Let me explain, as well as I can, in the simplest terms.

A psychic reality is something in which one’s faith is so strong that one neither needs nor wishes proofs. It is what you firmly believe; what you believe in so firmly that, so far as you are concerned, it exists. The thing may not exist, but if it did you would order your life just as you do now. Those who live under the shadow of such a belief need no umbrella of evidence spread over them.

To take an important and timely instance: One of the main points in Dr. Hall’s work, Jesus, the Christ, in the Light of Psychology (1917) bears directly on the controversy now active between the fundamentalists and the liberals. That dispute has been hottest on two points: the virgin birth of Christ and the Resurrection. Dr. Hall holds that both sides are living and disputing in a pre-psychological age; that they are both right in all that they affirm, wish and mean, and are both wrong in all that they deny. He says that both the virgin birth and the Resurrection are psychic realities to great numbers of people. He believed in both himself. As a scientist familiar with physiology, the issues offered as many obstacles to his mind as they can possibly offer to any human mind. Nevertheless, he believed; to him the virgin birth and the Resurrection are both psychic realities. “There are psychic realities that are truer than fact, and I wonder if it would not degrade rather than spiritualize faith if we were to discover a motion picture of the Resurrection.”

Now whether Darwin was right or not, whether the law of natural selection is true, false or meaningless, “evolution” is the word to cover Dr. Hall’s idea of what has happened and what is happening to the spirit of man. Although he studied under Wundt, he thought it unfortunate that one whose influence has been so farreaching was trained in physics and physiology chiefly. Biology, says Dr. Hall, would have given Wundt and his disciples less positiveness; they would have been less set on explaining all things of the spirit by occurrences in and to the body; and the idea of growth and change would have been more elastic and more hopeful. Again, Dr. Hall was one of the few American psychologists of standing who had gone deeply and impartially into the discoveries of Freud and the whole field of modern psychoanalysis. What are his conclusions on this fascinating development of science?

Freud has himself said that there are three great culture epochs marked for us, so far, by what we call science. The first dawned with Copernicus’s discovery that the sun, not the earth, was the center of our universe. The second was initiated by Darwin. The third is Freud’s own work. Dr.
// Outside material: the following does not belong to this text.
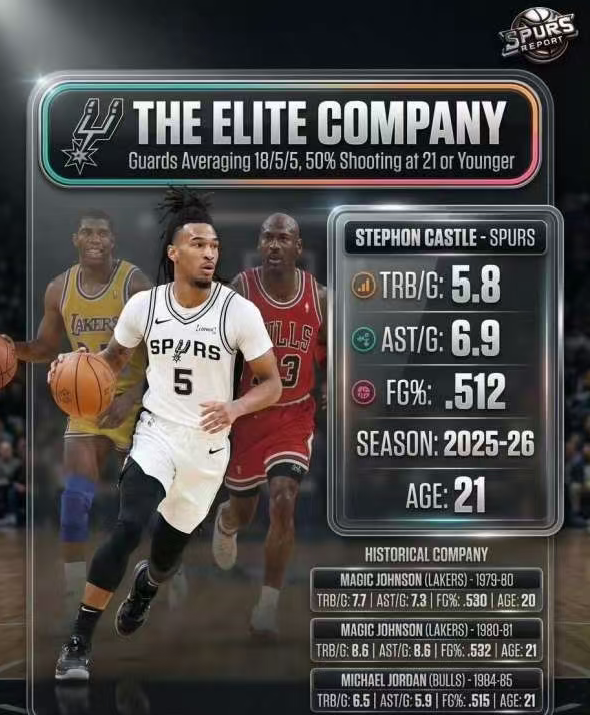 大家都说2024年是选秀小年,而最近就有媒体给出了24年最佳新秀卡斯尔的数据。 本赛季卡斯尔目前场均能得到18.3分5.8篮板6.9助攻,投篮命中率51.2% 而在联盟中,21岁以前场均至少能拿到18分5篮板5助攻,且命中率超过50%的球员只有三位 那就是卡斯尔(24-25赛季)、魔术师约翰逊(79-80,80-81赛季赛季)和乔丹(84-85赛季)!

Hall was by no means an extreme or convinced Freudian, but seemed inclined to believe that Freud’s estimate of his work may not be much out of the way. Copernicus revolutionized our ideas of space; Darwin transformed the concept of time; Freud is dealing with our idea of eternity. For the world that Freud may be said to have discovered, the world of the unconscious, is a piece of eternity and the only piece that science can lay claim to having captured. If it exists at all, it exists and has existed forever.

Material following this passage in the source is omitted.